Sulfuric acid was initially produced by the lead chamber process, but in 1890, a unit using the contact process was brought on stream, producing the acid at higher concentration (98% instead of 80%) and a lower cost. This development followed extensive research and development by Rudolf Knietsch, for which he received the Liebig Medal in 1904.

===Haber's ammonia (1913)===
The development of the Haber process from 1908 to 1912, made it possible to synthesize ammonia (a major industrial chemical as the primary source of nitrogen), and, after acquiring exclusive rights to the process, in 1913, BASF started a new production plant in Oppau, adding fertilizers to its product range. BASF also acquired and began mining anhydrite for gypsum at the Kohnstein in 1917.

===World War I===
In 1916, BASF started operations at a new site in Leuna, where explosives were produced during the First World War. On 21 September 1921, an explosion occurred in Oppau, killing 565 people. The Oppau explosion was the biggest industrial accident in German history.

===IG Farben (1921)===

Company scrip from Badische Anilin- & Soda-Fabrik, 2 Pfennig Gutschein, ca. 1918

Under the leadership of Carl Bosch, BASF founded IG Farben with Hoechst, Bayer, and three other companies, thus losing its independence. BASF was the nominal survivor, as all shares were exchanged for BASF shares before the merger. Rubber, fuels, and coatings were added to the range of products. In 1935, IG Farben and AEG presented the magnetophon – the first tape recorder – at the Radio Exhibition in Berlin.

===World War II===
After the appointment of Adolf Hitler as chancellor in 1933, IG Farben cooperated with the National Socialist government, profiting from guaranteed volumes and prices and, in time, from forced ("unfree") labour provided through governmental concentration camps. BASF (leader of the chemical industry of the IG Farben) built a 24 km^{2} chemical factory in Auschwitz named "IG Auschwitz", the largest chemical factory in the world at the time. IG Farben became notorious through its production of Zyklon-B, the lethal gas used to kill prisoners in German extermination camps during the Holocaust.

IG Farben made extensive use of forced labor during WWII consisting mostly of drafted "service-duty" Germans, foreign workers from German-occupied territories, and prisoners of war. By 1943, nearly one-half of all IG Farben workers were forced laborers housed in factory-camp facilities. This number did not include the 51,445 concentration camp laborers supplied by the Nazis. Spread out over 23 facilities, it is estimated that 31,50033,500 of those concentration camp inmates were killed by authorities or died from starvation, exhaustion, or disease.

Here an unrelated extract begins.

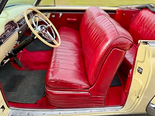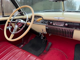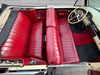 Här kommer en underbar ”cream puff” i ett fantastiskt fint skick, in- & utvändigt samt undertill. Färgställningen Fiesta Ivory med röd skinninredning är outstanding. Den är även i mekaniskt toppskick och en fröjd att glida runt i. 331 kubiktums toppventilaren och den fyrväxlade Hydra-Maticen levererar fint. Med endast 8000 tillverkade är de en ovanlig syn på bilträffarna och de är sällan till salu. Missa inte tillfället… ring mig direkt och boka en härlig provtur!..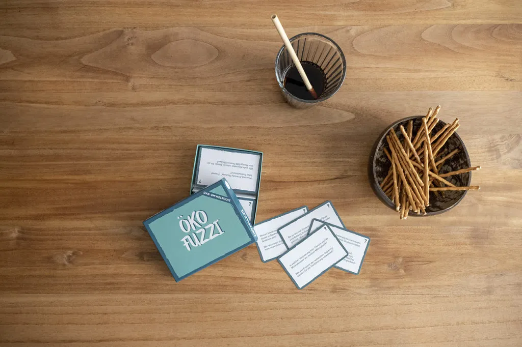 Ökofuzzi ist mehr als nur ein Spiel – es ist ein Türöffner für wichtige Gespräche über Umweltschutz und Nachhaltigkeit. Das Quiz besteht aus 100 Karten mit insgesamt 200 Fragen zu verschiedenen Themen wie Lebensmittel, Mobilität, Kleidung, Energie und Umwelt. Ziel ist es, Wissen zu vermitteln, zum Nachdenken anzuregen und den Prozess des Umdenkens in der Gesellschaft zu fördern.

The Ludwigshafen site was almost completely destroyed during the Second World War but was subsequently rebuilt. The allies dissolved IG Farben in November 1945.

Both the Ludwigshafen and Oppau plants were of strategic importance for the war because the German military needed many of their products (e.g., synthetic rubber and gasoline). As a result, they were major targets for air raids. During the war, Allied bombers attacked the plants a total of 65 times.

Bombing took place from the autumn of 1943 and saturation bombing inflicted extensive damage. Production virtually stopped by the end of 1944.

Due to a shortage of male workers during the war, women were conscripted to work in the factories, joined later by prisoners of war and foreign civilians. Concentration camp inmates did not work at the Ludwigshafen and Oppau plants.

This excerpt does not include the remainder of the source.